The coal sector complements the volume with price & the volume and price of the coal chemical sector rise together, and the annual performance in 2021 is fully released

Coal sector: due to the impact of security inspection, environmental protection and the decline of trade coal volume, the production / sales of commercial coal in 2021 was 105 / 106 million tons, a year-on-year decrease of 12.7% / 28.4%. In 2021, the spot price of QinGang thermal coal was + 78.5% year-on-year, and that of Australia NEWC was + 130% year-on-year, which was the main driving force for the high growth of annual performance. Chinese coal: the average price / cost of commercial coal is 766 / 335 yuan / ton, a year-on-year increase of + 79.2% / 81.8%; The gross profit per ton of coal was 431 yuan / ton, up 77.3% year-on-year. Overseas coal: the average price / cost of commercial coal is 657 / 397 yuan / ton, a year-on-year increase of + 61.7% / 39.8%; The gross profit per ton of coal was 260 yuan / ton, a year-on-year increase of + 112.6%. Coal chemical industry sector: gross profit of 6.9 billion yuan in 2021, a year-on-year increase of + 457.9%; The gross profit margin was 32%, year-on-year + 174.1%. Methanol: the output was 2.503 million tons, a year-on-year increase of + 37.5%; The selling price / cost is 1947 / 1532 yuan / ton, with a year-on-year increase of + 48.9% / 40%. Acetic acid: the sales volume was 757000 tons, with a year-on-year decrease of 0.26%; The average selling price / cost was 5647.3/2554.8 yuan / ton, a year-on-year increase of + 152.8% / 42.5%. Crude liquid wax: sales volume 448000 tons, year-on-year + 8.2%; The average selling price / cost is 4200 / 2600 yuan / ton, a year-on-year increase of + 18.3% / 16.3%. Ethylene glycol: the new output is 292000 tons.

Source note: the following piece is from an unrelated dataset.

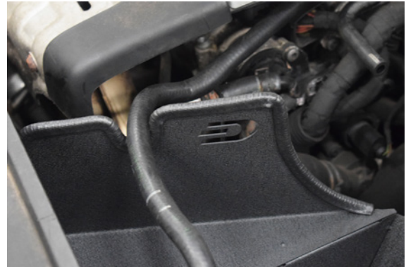
14. Ensure pipe sits in the slot in the Air Filter housing.
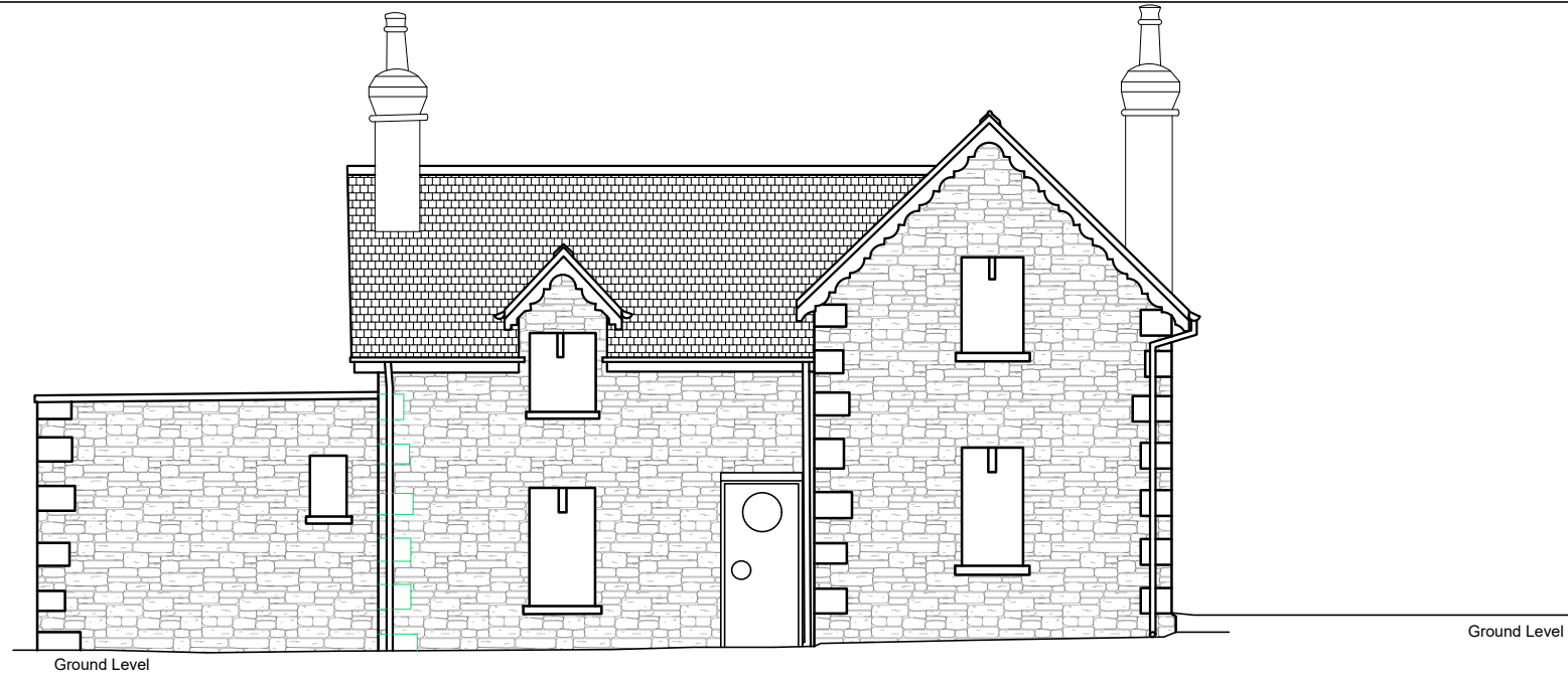
01 WEST ELEVATION SCALE 1:100

Q1 performance in 2022 greatly exceeded expectations, and businesses at home and abroad made concerted efforts

The company released the performance forecast of Q1 in 2022, and it is expected to realize the net profit attributable to the parent company of 6.6 billion yuan in the first quarter; The net profit attributable to the parent company after deduction was 6.56 billion yuan, a year-on-year increase of + 195.8%. Affected by the strong demand in China and the continuous rise of energy prices in the international market, the volume and price of main products rose at the same time, and the performance of Q1 was much higher than expected.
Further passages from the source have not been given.